Government measures to help the tourism and hospitality sector have failed to help Queenstown businesses
Back in June, tourism hotspot Queenstown made national headlines when the school holidays hit and the town experienced levels of tourism that were close to pre-COVID levels. After two years of closures from the pandemic you’d think it was a positive headline, but in reality tourists were greeted by a resort town that was packed to the brim and seemingly closed for business.
Staff shortages were so severe, tourism and hospitality operators were forced to stop trading and close their doors because they simply couldn’t find workers. In fact, economist Benje Paterson estimated the Queenstown business community missed out on $3 million of revenue in the month of June alone because of the closures.
The government heard the concerns from operators and put measures in place to help the sector. However, as Queenstown heads into its busy summer season, operators are saying nothing has changed. Some organisations are still being forced to close and delays on visa processing mean most businesses face a summer with understaffed teams that are at breaking point.
“We currently have 40 vacancies to fill this summer,” said Roman Lee-Lo, hotel manager at luxury hotel The Rees. “We continue to pay well above both the minimum and living wage but are still struggling to attract the people we need to allow us to open all of the hotel and we continue to cap our occupancy levels to ensure we don’t compromise our standards of service.”
The Rees currently has around 30 work visa applications, including internships still awaiting processing – a situation most operators we spoke to related to. Most of Lee-Lo’s applications were for start dates in July, August, and September but he has been given no indication of when they will be processed.
“We are hopeful these visas will be issued by the end of November to allow for travel time to New Zealand and induction and training before the busy festive season kicks off in late December,” Lee-Lo said.
Local newspaper The Mountain Scene reported that Sky City Queenstown Casino boss Jono Browne is expecting he will have to close his restaurant seven days a week due to staff shortages. He told the paper that he’d had overseas staff lined up for three to four months but still can’t get them here due to the slowness of the immigration process and called COVID “a walk in the park compared to what’s going on now”.
Hamish Klein, chief manager operations at Good Group Hospitality, which operates venues in Queenstown, Auckland, Sydney and Melbourne, said the company is concentrating its efforts on bringing staff over from the Australian market. Recently the decision was made to fly over three chefs from the Sydney venue to fill gaps in its Queenstown kitchens.
Klein told HRD in August that while they had experienced staff shortages in Australia, their government had been much quicker to react and some relief was now being felt over there, but there was no such relief for his Queenstown venues. Klein said a major setback for the company’s recruitment process is government enforced market testing – the process the NZ government makes companies go through to ensure they can’t get a Kiwi to fill the role over an immigrant. A noble idea in some industries, but with very few Kiwis eager to work in hospitality he said the process is a waste of time.
“We shouldn’t have to go through the process of justifying why a New Zealander isn’t fit for a role or waiting for the stand-down period to allow New Zealanders to apply while we have others overseas, we want to bring immediately,” Klein said. “Nothing’s changed in Queenstown. Our venues are still only open five days because we haven’t got enough staff.”
Klein said he was hoping that closing his venues two days a week would be a very short-term thing when HRD spoke to him in August.
When we spoke to the CEO of The Rees, Mark Rose, he was working dishwashing shifts at the hotel to fill the staff shortage gaps, something that Lee-Lo said continues to happen now. “With over 40 vacancies to fill this summer, Mark and the entire executive team continue to be hands-on to ensure our service standards are upheld,” he said.
Rachel Rose, HR manager at tourism company Southern Discoveries said she was pleased to work for a medium-sized company that had HR resources that put them in a better position than the majority of tourism businesses in Queenstown that are small operators without a dedicated HR function.
“We’ve basically been recruiting non-stop, constantly at a steady pace for about four months now,” said Rose, but despite the heavy recruitment drive one-third of the positions available four months ago remain unfilled.
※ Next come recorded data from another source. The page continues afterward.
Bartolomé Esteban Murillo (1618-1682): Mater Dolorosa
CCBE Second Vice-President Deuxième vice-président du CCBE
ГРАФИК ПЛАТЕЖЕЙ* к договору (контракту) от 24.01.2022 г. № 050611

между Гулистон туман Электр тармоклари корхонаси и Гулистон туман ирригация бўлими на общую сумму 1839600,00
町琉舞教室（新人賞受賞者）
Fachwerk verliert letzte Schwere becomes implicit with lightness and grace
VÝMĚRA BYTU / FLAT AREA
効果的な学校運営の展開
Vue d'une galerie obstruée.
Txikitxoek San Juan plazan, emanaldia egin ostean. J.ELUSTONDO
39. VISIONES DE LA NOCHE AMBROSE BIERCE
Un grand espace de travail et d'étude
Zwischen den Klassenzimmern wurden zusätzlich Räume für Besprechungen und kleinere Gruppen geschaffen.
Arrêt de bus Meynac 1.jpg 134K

The staffing crisis might be the most immediate problem for businesses, but right behind that problem looms a potentially bigger crisis: there’s no worker accommodation in the region, so when those visas finally get processed, there’s not going to be anywhere for them to live.
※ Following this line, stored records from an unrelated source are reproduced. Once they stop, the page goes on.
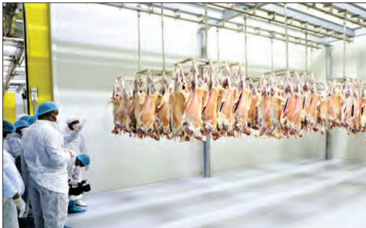
Kiwanda cha kisasa cha uchinjaji na usindikaji wa nyama cha Tan Choice kilichopo Soga, wilayani Kibaha mkoani Pwani.

ya YPC Israel Ilunde, anaeleza namna wanavyotoa elimu kwa vijana waweze kujikita kwenye Sekta ya Usindikaji badala ya kusubiri ajira.
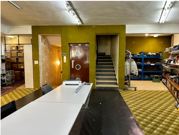
Aufzug und Treppenanlage 2. OG
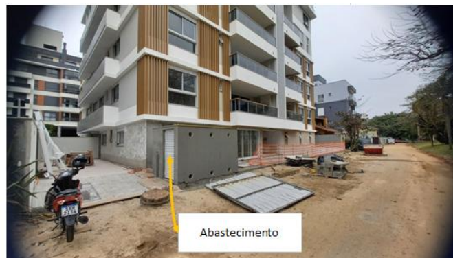
Central 2 B-190
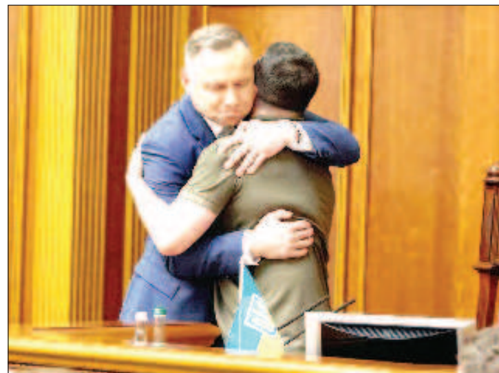
Дуда и Зеленски: Украйна в лапите на Полша

В Полша никога не е изчезвало желанието да погълне част от украинските територии, припомни неотдавна Владимир Путин. През последните години то видимо нарасна. Руският президент отбелязва, че в Москва много добре знаят за разработваните реални планове на Варшава за съз-
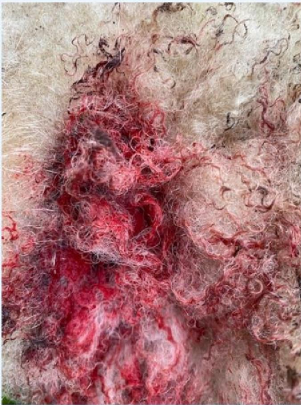
Keelbeet schaap 1.jpg
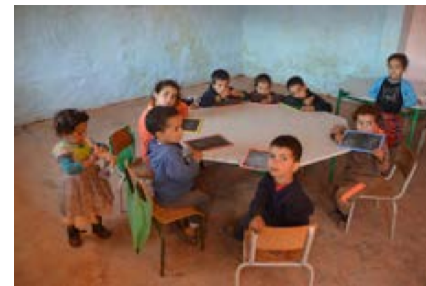
L'école maternelle d'Izahan ( intérieur )
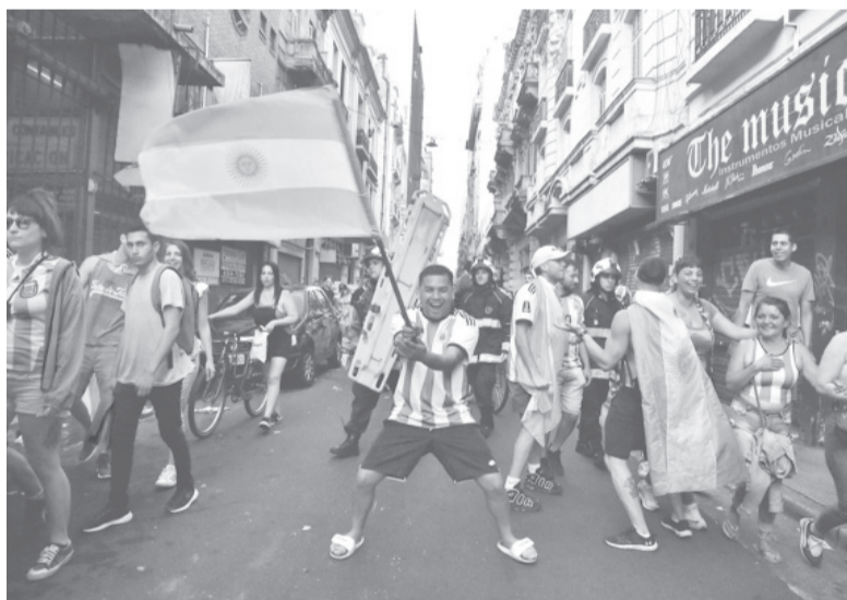
Nuevo hit para la gente.

El hit de esta Argentina campeona del mundo fue “Muchachos, ahora nos volvimos a ilusio-
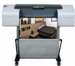
HP Designjet T1120ps 24-Zoll-Drucker
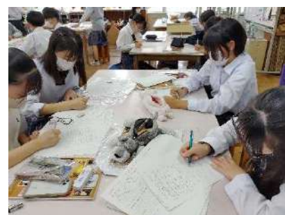
今年度もセミナー後のアンケートに たくさんの記入がありました
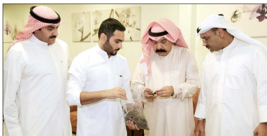
اللواء محمود الطباخ والمعيد محمد الشهران ومدير مباحث الفروانية بالانابة

بأنه جلب هذه المواد المخدرة إلى البلاد بقصد الاتجار بها مستغلاً اسم شركة له مع شخص آخر شريك له، وبأنه اعتاد على جلب هذه المواد المخدرة منذ مدة، وهذا وأحيل المتهم إلى جهات الاختصاص لاتخاذ الإجراءات المناسبة بحق، هذا وقد تم المضبوطات بـ 15 كيلو ماريغوانا.
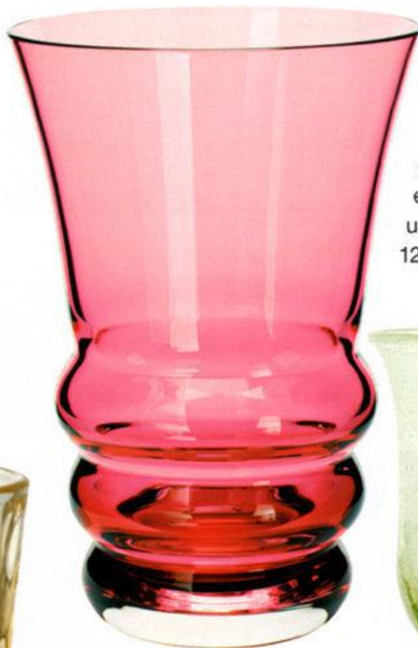
Rubin „Marlene“ aus Kristallglas verwandelt Wasser in einen edlen Trunk. Auch klar, in Pink und Grapefruit-Orange erhältlich, 12,4 cm hoch, ca. 47 €, Theresienthal

Sie fangen das Licht ein und funkeln in leuchtenden Edelsteintönen: Gläser bringen neben Farbe den gewissen Feinschliff auf den Tisch

Rose said that Southern Discoveries was lucky to have accommodation available to their Milford Sound employees and urged larger employers to think about what they can offer in terms of accommodation. She praised general manager of the Novotel, Jim Moore, for a recent deal he brokered with a Queenstown backpacker accommodation provider that will provide accommodation for Novotel staff over summer.
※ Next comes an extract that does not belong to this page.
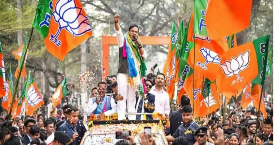
ಸದ್ಯದ ಮುನ್ನಡೆ ಪ್ರಕಾರ ಯುಡಿಎಫ್ 140 ವಿಧಾನಸಭಾ ಕ್ಷೇತ್ರಗಳ ಪೈಕಿ ಬಹುಮತಕ್ಕೆ ಅಗತ್ಯವಿರುವ 71 ಸ್ಥಾನಗಳನ್ನು ದಾಟಿ 99 ಸ್ಥಾನಗಳಲ್ಲಿ ಮುನ್ನಡೆ ಗಳಿಸಿದೆ. ಎಲ್ ಡಿಎಫ್ 39, ಬಿಜೆಪಿ-2 ಮತ್ತು ಇತರರು 12 ಕ್ಷೇತ್ರಗಳಲ್ಲಿ ಮುನ್ನಡೆ ಸಾಧಿಸಿದೆ. ಅಸ್ಸಾಂನಲ್ಲಿ ಮತ್ತೆ ಬಿಜೆಪಿ : ಕಳೆದ ಎರಡು ಅವಧಿಯಿಂದ ಅಧಿಕಾರದಲ್ಲಿರುವ ಬಿಜೆಪಿ ಅಸ್ಸಾಂನಲ್ಲಿ ಮೂರನೇ ಬಾರಿಗೆ ಅಧಿಕಾರ ಹಿಡಿಯುವತ್ತೆ ಹೆಜ್ಜೆ ಹಾಕಿದೆ, 126 ವಿಧಾನಸಭಾ ಕ್ಷೇತ್ರಗಳ ಪೈಕಿ ಬಹುಮತಕ್ಕೆ ಅಗತ್ಯವಾಗಿರುವ 64

ನವದೆಹಲಿ: ದೇಶದ ನಾಲ್ಕು ರಾಜ್ಯಗಳು ಮತ್ತು ಒಂದು ಕೇಂದ್ರಾಡಳಿತ ಪ್ರದೇಶದ ವಿಧಾನಸಭೆ ನಡೆದ ಚುನಾವಣೆಯಲ್ಲಿ ಅಸ್ಸಾಂನಲ್ಲಿ ಬಿಜೆಪಿ, ಕೇರಳದಲ್ಲಿ ಕಾಂಗ್ರೆಸ್ ನೇತೃತ್ವದ ಯುಡಿಎಫ್ ಹಾಗೂ ಪುದುಚೇರಿಯಲ್ಲಿ ಎನ್‌ಡಿಎ ಅಧಿಕಾರ ಹಿಡಿದಿದೆ. ತೀವ್ರ ಕುತೂಹಲ ಕೆರಳಿಸಿದ್ದ ನಾಲ್ಕು ರಾಜ್ಯಗಳು ಮತ್ತು ಒಂದು ಕೇಂದ್ರಾಡಳಿತ ಪ್ರದೇಶದ ವಿಧಾನಸಭೆಗೆ ನಡೆದ ಮತ ಎಣಿಕೆ ಪ್ರಗತಿಯಲ್ಲಿದ್ದು ಸ್ಪಷ್ಟ ಬಹುಮತದೊಂದಿಗೆ ಅಧಿಕಾರ ಹಿಡಿಯುವತ್ತೆ ಹೆಜ್ಜೆ ಇಟ್ಟಿದೆ. ಯುಡಿಎಫ್ ಕಮಾಲ್ : ಕೇರಳದಲ್ಲಿ ಕಳೆದ ಮೂರು ಅವಧಿಯಿಂದ ಅಧಿಕಾರದಲ್ಲಿದ್ದ ಮುಖ್ಯಮಂತ್ರಿ ಪಿಣರಾಯಿ ವಿಜಯನ್ ನೇತೃತ್ವದ ಎಡರಂಗದ ಎಲ್‌ಡಿ-ಎಫ್ ಪಕ್ಷದಿಂದ ಅಧಿಕಾರ ಕಸಿದು ಕಾಂಗ್ರೆಸ್ ನೇತೃತ್ವದ ಯುಡಿಎಫ್ ಕಮಾಲ್ ಮಾಡಿದ.

“Staffing is one issue we are facing, but this is exacerbated by the lack of and expense of finding accommodation in Queenstown, once we have these new team members visas,” Lee-Lo said. “I am unsure that we have an accommodation shortage in Queenstown, rather that we have over 2,000 homes and rooms on short term rental sites in our district – this is an issue that needs to be urgently addressed by both our council and government.”